中央美术学院现在就像一个高处不胜寒的“高城”,这是历史和现实决定的。所谓“高城”,就是说美院一直是国内美术院校的龙头老大,人才集聚,历史比较悠久,这是一个意思。另外一个意思,它也是一个兵临城下的“高城”,就如唐朝诗人许浑的诗句所描述的那样:“一上高城万里愁”。兵临城下表现在两个方面,一个是国内的兄弟美术院校已经兵临城下,还有就是加人WTO以后国外的美术院校也将兵临城下。即使中央美院没有任何的过错,但别人经过改革、带着明显的优势兵临城下,其本身就构成了我们的缺陷。你不犯错,但没有新的辉煌,就是犯错。这就是一个非常紧迫的形势,要没有这个形势我们也就不会有今天的会议,也就不用讨论了。按照原来的习惯、规范操作就行了。兵临城下就意味着我们已经有新的问题了。改革是无条件的。改革并不是简单地换上一些临时性的新花样,我不同意抛弃所有的传统做法,要冷静。兵临城下导致我们思考这个问题。兄弟院校目前在教育改革方面跑到前面去了,但实际给我们的要求是应更加深思熟虑,要有远见才能解除“近忧”的恶性的循环,否则盲目的狂奔,问题会更多,忧虑不断;老的问题没有解决,新的又出来了,结果会变得更加岌岌可危。从大的方面来讲,我认为考虑问题还是需要认真、理性、客观、冷静的态度。改革不是搞运动,不能一窝风,它是长期的,不是一下子就可以解决的。
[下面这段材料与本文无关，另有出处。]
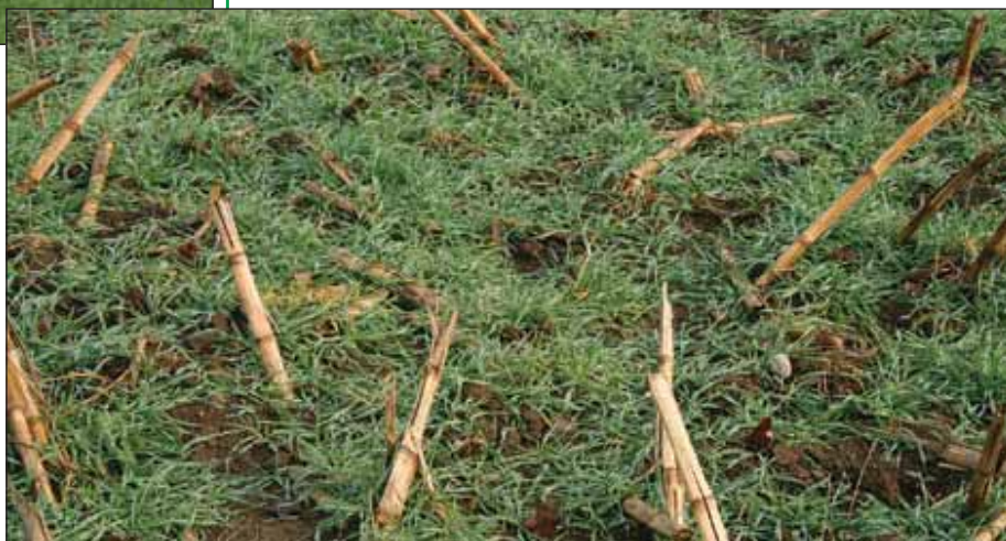
Winter triticale, fall 2010, van Slyke Farm, Wyoming Co NY

"It is a balance. It may not work on other farms," he said. "It's only our first year but everything points positive. Timing, like any grass, is going to be critical. If it worked so well in the weather of 2011, it will probably work in any season."

总的来讲,在改革之中还是要讲大学之道的。大学之道是大学的基本精神,如果不讲,而光讲功利是不够的。大学之道和经济学原则应该齐头并进,否则学校的改革就变成没有精神的改革。涨工资就成了没有精神的涨工资。支撑一个大学的价值基础、合理性也就没有了。为什么你去一些世界各地的一流大学就会感到有一种精神能够渗透出来,包括北大也是一样。尽管北大也在衰落,但仍然有一股生生不息的底气。很多历史悠久的大学都是如此,这口气不是轻易可以改掉、毁掉的。改革不是美容美发。改革应该是以伤筋动骨做代价、以治病救人为目标的。否则表面上解决了一些问题,却从本质上失去了精神,学校也就失去了吸引力。好的大学为什么有吸引力?不是物质上的优越而是存在一种精神。如果用老子的道、德、用、器这几个层面来解释,道是最重要的。道是中国的概念,所以还是从传统中去找。美术学院还有多少的道,道有没有一个新的发展的转机,这是根本的东西。我感觉北大的精神不是任何东西可以改变的,这是一个根本。所以我觉得教学改革要考虑这个大学之道是什么?支持美院的基础是什么?就是美院的无形资产是什么。这是需要考虑的。这是我的第一个建议。
另一个就是学术尊严的问题。就是在美术学院,学术和知识有没有尊严,体现在什么地方?我去韩国大学,在它的大厅中有一面墙,陈列着这个大学出过的重要人物,实际上相当于名人馆或万神殿之类,学者摆在最重要的位置上,总统、政治家、社会著名的人士摆在次要的地位。这样关系就比较清楚,学校不是行政机构,而要把学术摆在重要的地位。尊严又以什么方式来体现,是金钱、权势,还是学术?这个不清楚学校怎么改都是乱的。哈佛大学的两个教授见面时很礼貌,也许是论争的对手,但他们见面的礼仪表示你是一个重要的学者,我也是,两个目光是这样的空间感觉,这就是学校的文化。对处在学术前沿和文化前沿的学者和教授要给予应有的尊重。如果没有这种文化精神学校就很难维持,就变成了工厂(好的工厂也是讲企业文化的)。学校可以按企业的办法管理,但学校的精神绝对不能企业化。如果企业化就完蛋了。教堂也企业化,医院也如此,那就完蛋了。这些本来是一个讲人文精神的殿堂、讲人道主义的地方。既要讲学术民主,又要讲学术尊严。什么样的学术才是有尊严的学术?这需要讨论。蔡元培作北大的校长,兼容并蓄成为北大的精神之一。徐悲鸿是我们中央美院(其前身为北平艺专)的奠基人,他的重要的口号是“艺术为人生”,但这句话似乎没有明确地写进美院的校训里,或学生手册里,成为一代又一代学子们的座右铭。因此这种精神还没有深人人心,这是不应该的。到现在我都不知道美院最概括的精神是什么?文革前,清华的学生在北京站迎接新生时有一个标语“欢迎你,未来的工程师”。北大是“欢迎你,未来的科学家”。中央美院就不知道是未来的什么?是“欢迎你,未来的艺术工作者”吗?是商人、政治家、还是艺术家?这就是理念问题,不是几次讨论会就可以解决的。需要很多人让这个精神进行合理化的发展,我觉得这是一个重要的问题。我觉得美术学院应当培养有道之人、有用之人。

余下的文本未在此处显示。